Hashtagging eating disorders: help or hindrance in recovery?
Recovery strategies being shared on social media sites
Recovering from an eating disorder can feel very isolating, which is why people are increasingly using social media to document their progress. But the trend raises questions about whether or not that's healthy.
In a video posted to YouTube, a young woman named Hannah in Vancouver, B.C., expressed her struggles with an eating disorder.
Hers is one of thousands of videos you'll find online of people, mostly young women, sharing their stories. A recent parliamentary report of the standing committee on the status of women found that between 600,000 and 900,000
Canadians may meet the diagnostic criteria for an eating disorder.
The report, "Eating Disorders Among Girls and Women in Canada," said women and girls make up about 80 per cent of those with eating disorders. Disorders like anorexia nervosa, bulimia nervosa and binge eating are "characterized by a persistent disturbance of eating or eating-related behaviour that results in the altered consumption or absorption of food and that significantly impairs physical health or psychosocial functioning."
Andrea LaMarre is a PhD student in family relations and human development at the University of Guelph and she studies young women in recovery from eating disorders. LaMarre said social media feeds are the new domain for eating disorder support groups that use hashtags like "eating disorder recovery" to find viewers.
"On Instagram you'll find hundreds of thousands of posts that you can scroll through so it seems like people are really taking to these online communities. I think maybe to find that sense of other people having been through similar experiences because I still think that people don't talk about it in real life maybe as much," she said.
LaMarre knows firsthand what it's like to suffer in silence. She developed an eating disorder when she was 15 but recovered by the time she was 20. But she said it was only in the last few years that she began to talk about it openly. Unlike those going through the recovery process now, she said she didn't have the option of turning to social media feeds for support.
LaMarre said the personal support she received from her family and friends was instrumental in her recovery, which is why she's a bit torn about the emergence of Instagram as a means of support. On the photo sharing service, many of the people documenting their recovery are posting pictures of what they're eating. For example, someone might put up a picture of a doughnut they want to eat and are looking for support in helping them do it.
"The problem with kind of taking a picture of everything that you eat is this kind of real emphasis on the presentation of everything and making sure that everything is absolutely beautiful," she said. "And I feel like that fixation can make it a real performance that can maybe possibly obscure some of the challenges that could be going on underneath."
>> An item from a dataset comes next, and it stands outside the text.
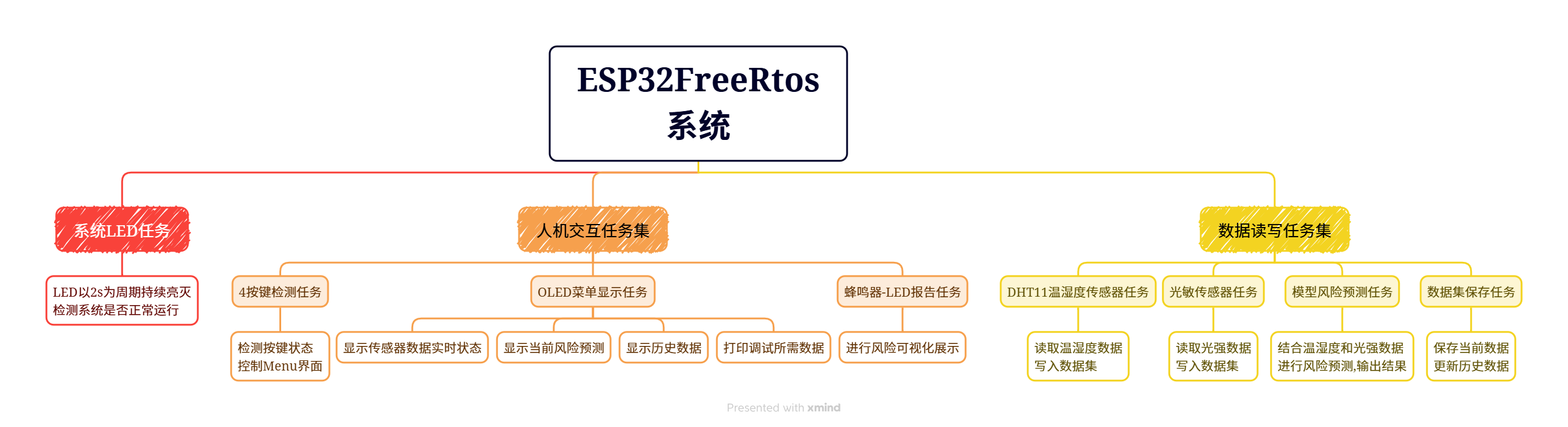 本项目基于ESP32+FreeRTOS实时操作系统构建一个环境监测与风险预测系统。系统通过温湿度传感器和光敏传感器采集环境数据,并利用嵌入式AI模型进行风险预测,同时通过OLED、RGB_LED和蜂鸣器进行信息显示和报警提示。

LaMarre said eating disorder recovery is about a lot more than just focusing on what you're eating all the time. What she'd like to see is people posting pictures that show you can overcome an eating disorder and live a happy life.
"If the hashtag 'eating disorder recovery' might be populated with pictures of people just doing things that maybe don't have anything related to food or bodies," she explained. "You know going for a walk in nature... or just something that involves just being and just living life to show people that eating disorder recovery is about a lot more than just kind of making a perfect meal."